Neither the TSX Venture Exchange nor the Investment Industry Regulatory Organization of Canada accepts responsibility for the adequacy or accuracy of this release.

This news release does not constitute an offer to sell or a solicitation of an offer to buy any of the securities in the United States of America. The securities have not been and will not be registered under the United States Securities Act of 1933 (the “U.S. Securities Act”) or any state securities laws and may not be offered or sold within the United States or to U.S. Persons (as defined in the U.S. Securities Act) unless registered under the U.S. Securities Act and applicable state securities laws, or an exemption from such registration is available.

Cautionary Statements regarding Forward-Looking Information

Certain statements contained in this press release constitute forward-looking information. These statements relate to future events or future performance. The use of any of the words "could", "intend", "expect", "believe", "will", "projected", "estimated" and similar expressions and statements relating to matters that are not historical facts are intended to identify forward-looking information and are based on the Company's current belief or assumptions as to the outcome and timing of such future events. Actual future results may differ materially.
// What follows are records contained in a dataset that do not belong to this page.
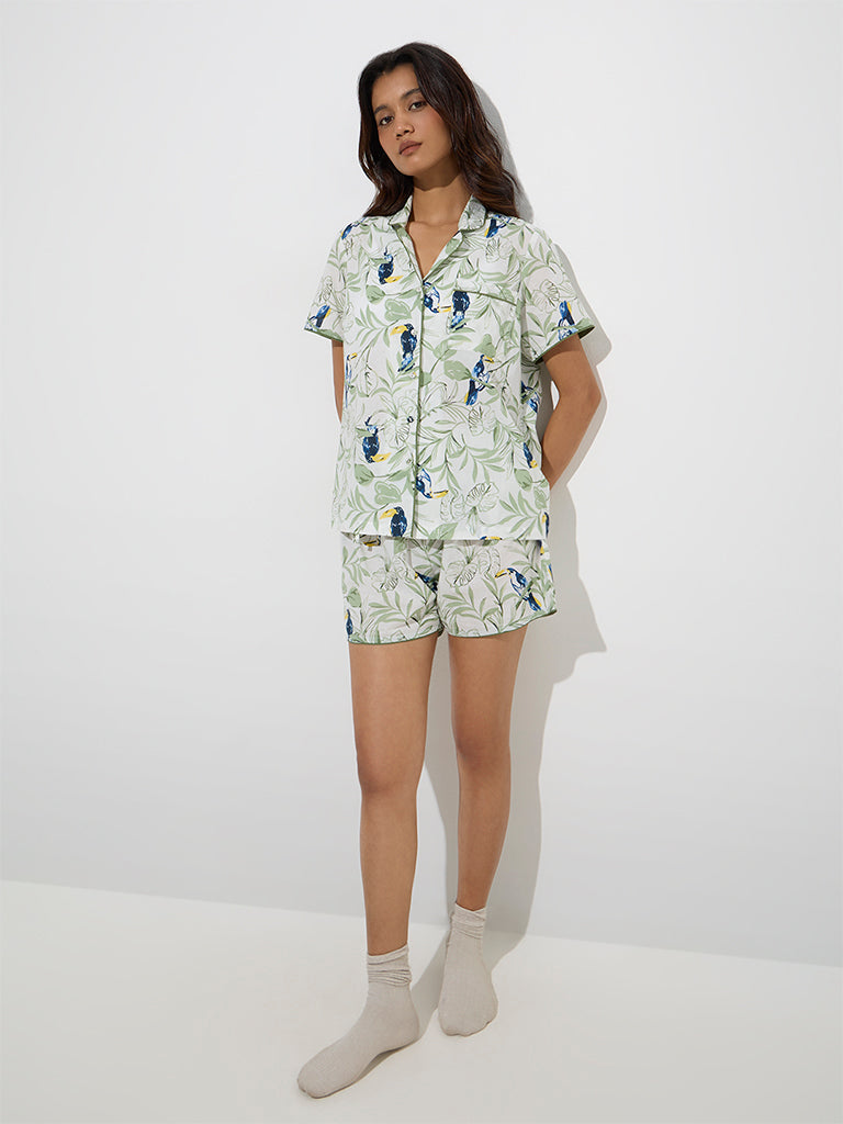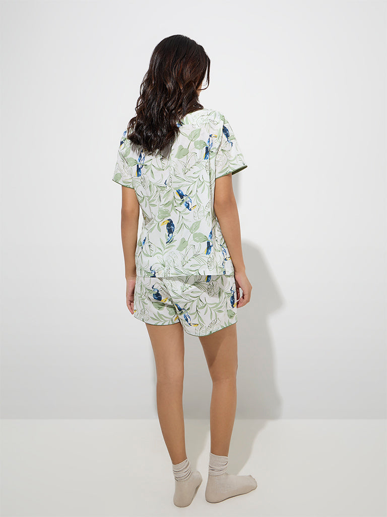 Wunderlove White Botanical Cotton Shirt and Shorts Set
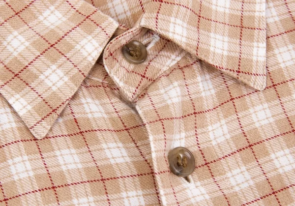 【SALE】パパスPapas コットンチェックネルシャツ ベージュS
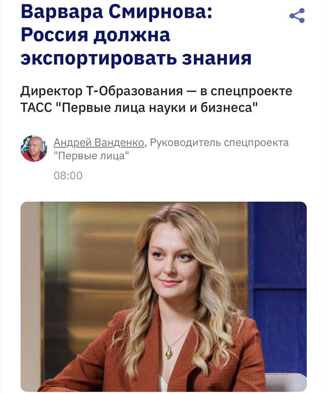 Директор Т-Образования Варвара Смирнова в большом интервью журналисту ТАСС Андрею Ванденко рассказала о том, как частный бизнес помогает развивать российскую систему образования.
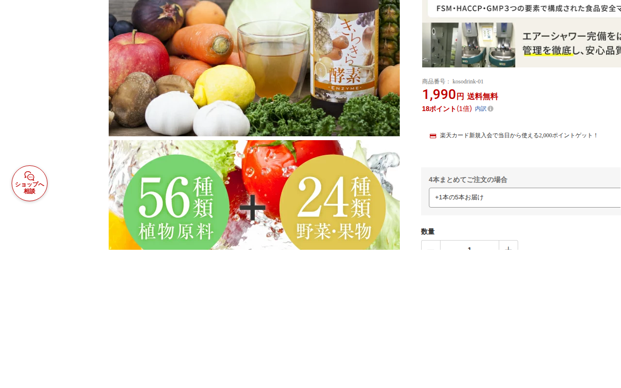 このページは、楽天市場で販売されているきらきら酵素ドリンク720mlの商品ページです。酵素、プラセンタ、レスベラトロールを配合した清涼飲料水で、ダイエットやファスティング、酵素サプリをお探しの方向けです。価格は1,990...
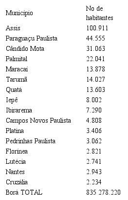 A Tabela 1 apresenta os dezessete municípios que formam a mesorregião de Assis-SP, seus respectivos números de habitantes, com destaque para os municípios onde estão localizados as agroindústrias e fornecedores pesquisados.
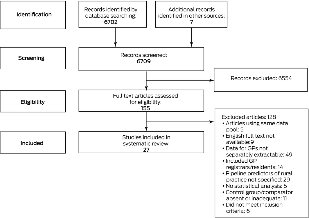 Understanding the effects of rural pipeline factors — including the recruitment of rural students and providing opportunities for rural placement during medical school and residency and vocational training12,13,14,15 — should inform strategies and national policies for attracting GPs to rural clinical practice. The aim of our review was to synthesise quantitative data on the effects of rural background and of experience in rural areas during medical training or during postgraduate GP training on the likelihood of GPs practising and remaining in rural areas.
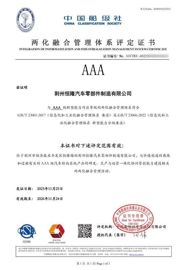 截至目前,湖北省仅有20余家企业获得两化融合管理体系AAA级评定,荆州恒隆为荆州市经开区首家通过认证的企业。
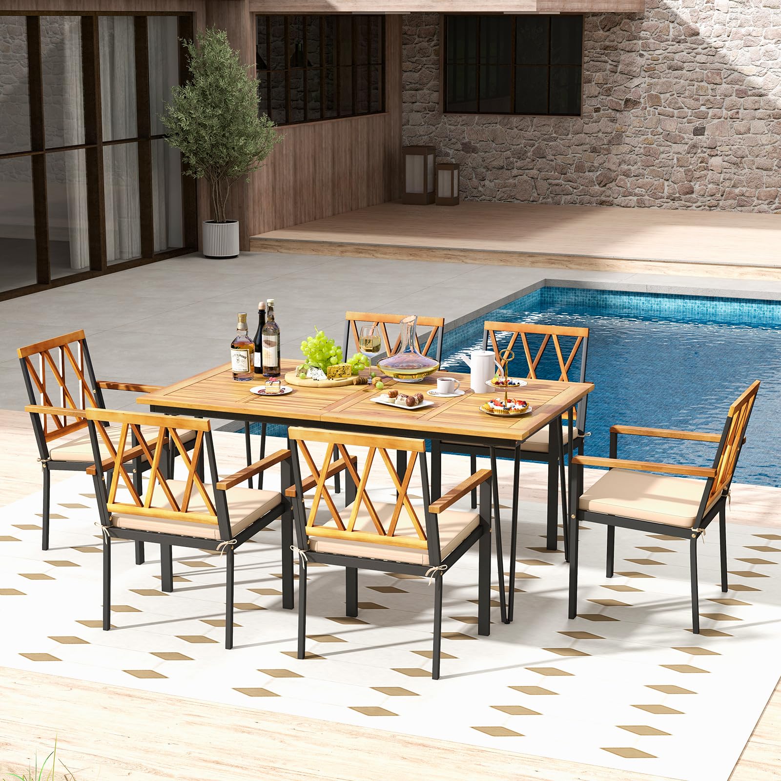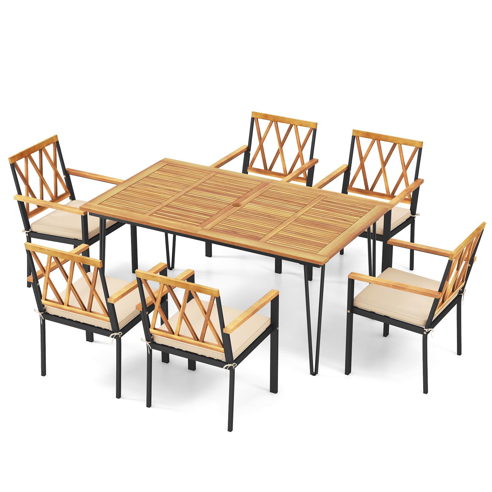 Enhance your outdoor living space with our 7 piece patio dining set including a spacious rectangular dining table and 6 chairs. Crafted from selected acacia wood and a sturdy metal frame, this dining set not only add natural beauty to your outdoor space, but also ensures exceptional durability. Soft seat cushions also provide a comfortable seating experience. Additionally, the dining table features a reserved 2” umbrella hole allowing for added shade on sunny days. Our acacia wood patio furniture set combines style and functionality, making it perfect for patio, garden, poolside, or backyard use. Upgrade your outdoor space today with this premium outdoor dining set!
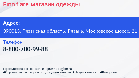 Finn flare, магазин одежды по адресу 390013, Рязанская область, Рязань, Московское шоссе, 21 в дальнейшем Организация, размещена в следующих категориях:
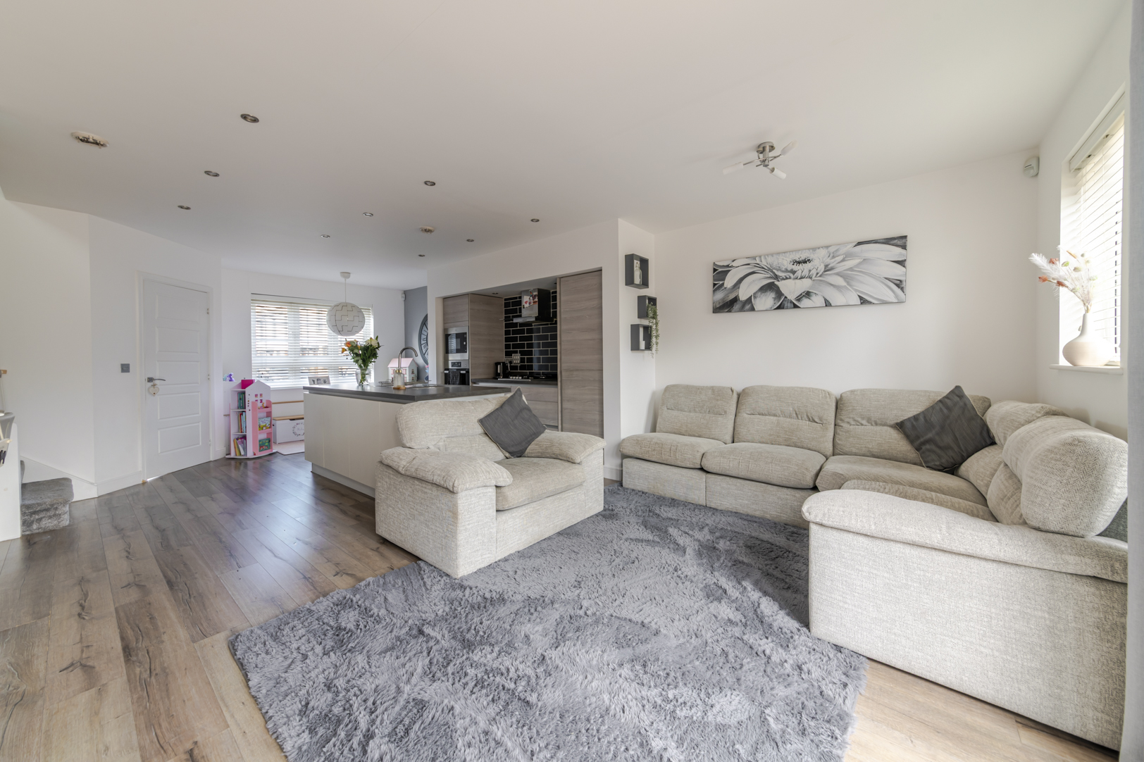 Internally, the home is thoughtfully designed with a contemporary open plan layout. The ground floor comprises a welcoming entrance hallway with a useful downstairs WC, leading through to a spacious living, dining and kitchen area. This impressive open plan space is both practical and versatile, featuring a central island with integrated appliances and ample storage. There is plenty of room for both dining and relaxation, with the current layout offering flexibility to suit a variety of lifestyles.
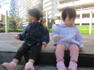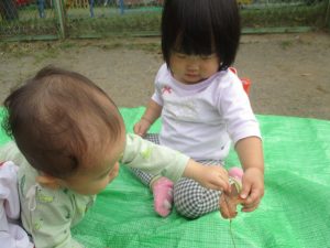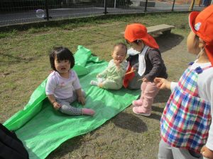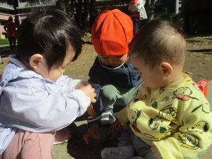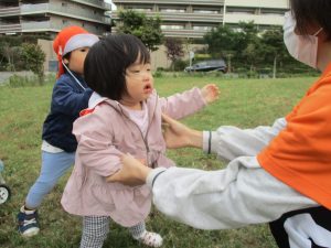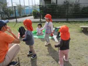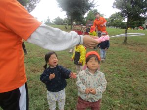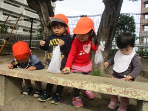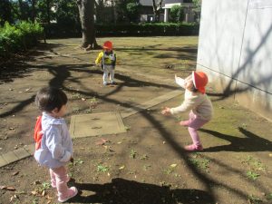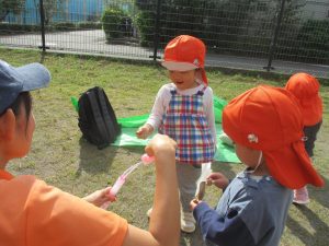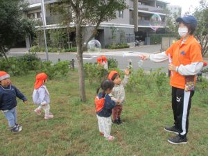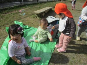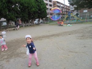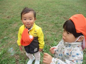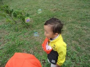 自然物探しを楽しんだり、シャボン玉を追いかけてはたくさん体を動かしました!
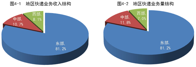 1-7月份,東、中、西部地區(qū)快遞業(yè)務(wù)收入的比重分別為81.2%、10.7%和8.1%,業(yè)務(wù)量比重分別為81.2%、11.8%和7.0%。與去年同期相比,東部地區(qū)快遞業(yè)務(wù)收入比重下降了0.5個百分點,快遞業(yè)務(wù)量比重下降了0.4個百分點;中部地區(qū)快遞業(yè)務(wù)收入比重上升了0.3個百分點,快遞業(yè)務(wù)量比重上升了0.4個百分點;西部地區(qū)快遞業(yè)務(wù)收入比重上升了0.2個百分點,快遞業(yè)務(wù)量比重持平。
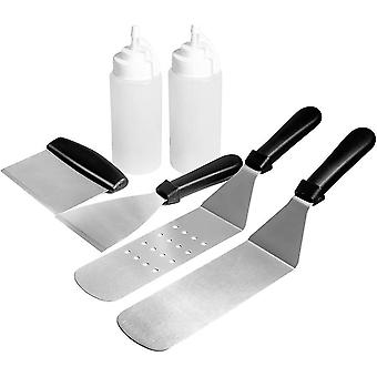 Multi-purpose Bbq Tool Kit 3 Spatulas, 1 Chopper Scraper, 2 Bottles For Blackstone Grill And Griddle,flat Top Grill Camping And Tailgating, 6 Piece
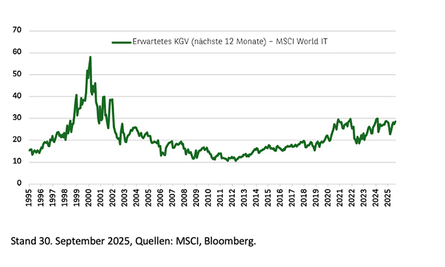 Die Erwartungen an die führenden KI-Unternehmen sind hoch, aber die Bewertungen sind noch nicht übertrieben. Wir sind uns aber vieler Risiken bewusst und achten genau darauf, ob es Anzeichen für vorübergehend niedrigere Investitionen gibt. Vielleicht folgt eine Konsolidierungswelle, und vielleicht sehen wir auch einige Turbulenzen, wenn klar wird, wer das KI-Rennen gewinnt. Umso grösseren Wert legen wir auf fundamentale Einzelwertanalysen, um Gewinner zu finden und Verlierer zu meiden. Ausserdem behalten wir die Entwicklung der KI-Nutzung genau im Blick.

All statements including, without limitation, statements relating to the ability to complete the offering on the proposed terms or at all, anticipated use of proceeds from the offering and receipt of regulatory approvals with respect to the offering as well as any other future plans, objectives or expectations of the Company are forward-looking statements that involve various risks and

uncertainties. There can be no assurance that such statements will prove to be accurate and actual results and future events could differ materially from those anticipated in such statements. Important factors that could cause actual results to differ materially from the Company's plans or expectations include risks relating to the availability of capital and financing, general economic, market or business conditions, regulatory changes, the COVID-19 pandemic or other similar health crisis, timeliness of government or regulatory approvals and other risks detailed herein and from time to time in the filings made by the Company with securities regulators. The Company expressly disclaims any intention or obligation to update or revise any forward-looking statements whether as a result of new information, future events or otherwise except as otherwise required by applicable securities legislation.